Walk down to the beach and the gathering of limpets and periwinkles off the rocks, which are good to eat, but better collect some drift wood, making a fire and eat a sumptious meal.

Now take the car to your local supermarket via the petrol station. Gather your food from the shelves, queue and pay at the check-out. Drive home and cook it.

What exactly is the difference? If you look carefully, not a lot. The supermarket won't let you take the food off the shelves, and the petrol station and gas company won't let you just take the fuel without exchanging actually precious metal (or its legally precious equivalent, money). Nature oddly will?

The argument is that the companies own the products and agree to exchange them at a price. To qualify for that exchange process we need to get some money and we have to do some "paid" work. The argument being that the products that the companies sell belongs to them because they have done some work, and we must do some work also.

But as the beach scenario shows this isn't true. There is little more work to collecting food from the beech than going to the shops and collecting it off the shelves, but the former is considered sufficient to demark ownership while the latter is insufficiant.

Nature it has always seemed to me get short changed every time. This is the real error in Mankinds thinking; past, present and probably future. Really Nature owns everything, or as the religions say, the fruits of our labours belong to God.

Once it can be shown that the qualifications for ownership are very unclear then a whole can of worms erupts, most famously the ownership of the extra productivity arising from machine labour and economy of scale. In Capitalist systems the machine owner inherits the machines productivity. Which is expanded to: the investors in a company own the companies productivity. But really this is absurd and more tradition than reason.

The tradition at work here I suspect is the one of ruling class. We accept a ruling class and they have evolved over the ages into the class which owns the industry. They don't really own it, but we accept this hegemony because it fits the pattern we are used to of a ruling class.

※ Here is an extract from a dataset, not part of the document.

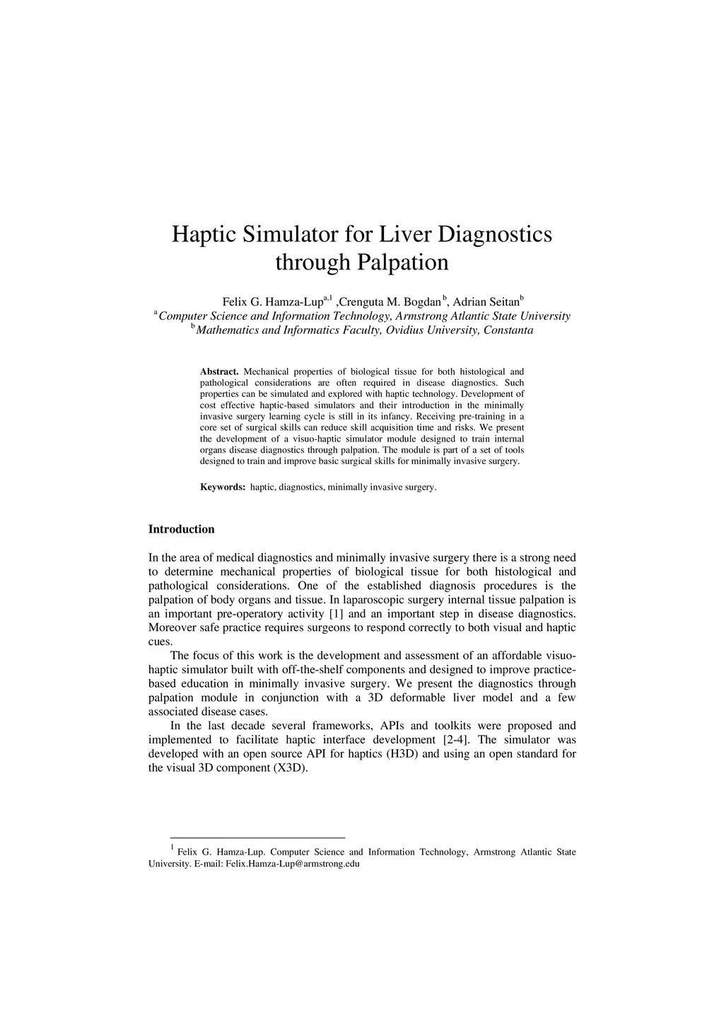 Mechanical properties of biological tissue for both histological and pathological considerations are often required in disease diagnostics. Such properties can be simulated and explored with haptic technology. Development of cost effective haptic-based simulators and their introduction in the minimally invasive surgery learning cycle is still in its infancy. Receiving pretraining in a core set of surgical skills can reduce skill acquisition time and risks. We present the development of a visuo-haptic simulator module designed to train internal organs disease diagnostics through palpation. The module is part of a set of tools designed to train and improve basic surgical skills for minimally invasive surgery.

It is absurd that the sculpters and builders who built St Pauls cathedral in London are all subsumed by the name of Sir Christopher Wren whose own hands would have been too unskilled to do most of the work. The building - actually regarded as poor in archetectural circles - is the result of the English craft system of the 1700s, traditions going back centuries and having evolved over even longer. C. Wren on the other hand is a figure head from the ruling classes and we accept this, it is part of the tradition.

It is absurd to me that the cleaner who makes the foyer of a grand building look grand is considered "lower" than the owners of that building. Without the cleaner it won't look grand for very long, so really the cleaner is the grand one. The cleaner it is true wouldn't be able to be grand without the big house to clean, and the owners of the big house wouldn't be able to be grand without an army of servants and supporters of their lifestyle - they are inter-dependent and this is a dialectic. In this sense to the wise they are profoundly equal, but many people who think themselves Aryan (noble) are not really Aryan because they are not wise and do not see this. This is where society is collapsing and entering a darkness.

I'm signing off now for a return to the non-electronic world.